= Beginning of Section =
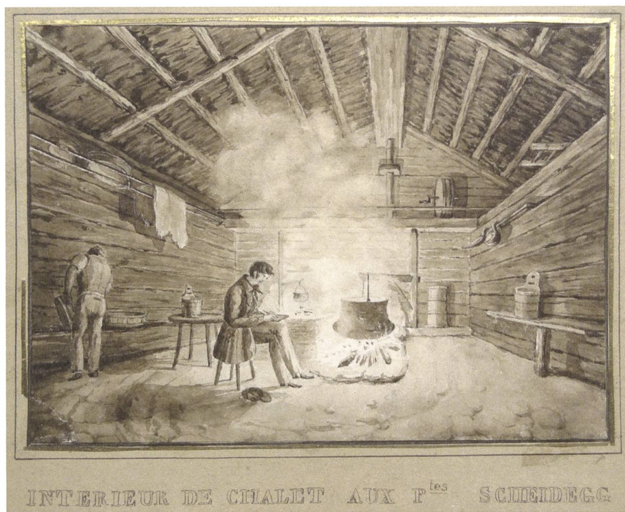
Abb. 4: Anonym: Schreibender Tourist im «Intérieur de chalet aux p tes Scheidegg», Sepia- Aquarell um 1820.

spinnen (Wilderswil BE) auf dem Bödéli zwischen Thuner- und Brienersee.
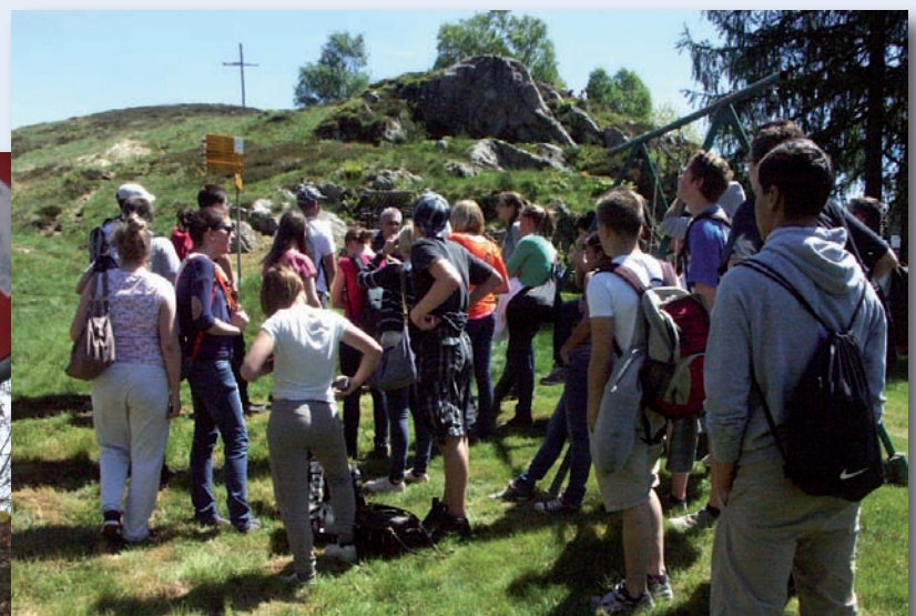
Ausflug nach Cardada oberhalb Orselina TI mit den Konfirmanden
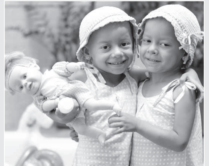
O Programa AI6%, da Cemig, apoia diversos projetos que beneficiam milhares de crianças e adolescentes em Minas Gerais

A analista da Cemig conta que, no ano passa-
= End of Section =
▸ Exercise goal
Give the data again exactly. Keep the images out.

▸ The completed task
Abb. 4: Anonym: Schreibender Tourist im «Intérieur de chalet aux p tes Scheidegg», Sepia- Aquarell um 1820.

spinnen (Wilderswil BE) auf dem Bödéli zwischen Thuner- und Brienersee.
Ausflug nach Cardada oberhalb Orselina TI mit den Konfirmanden
O Programa AI6%, da Cemig, apoia diversos projetos que beneficiam milhares de crianças e adolescentes em Minas Gerais

A analista da Cemig conta que, no ano passa-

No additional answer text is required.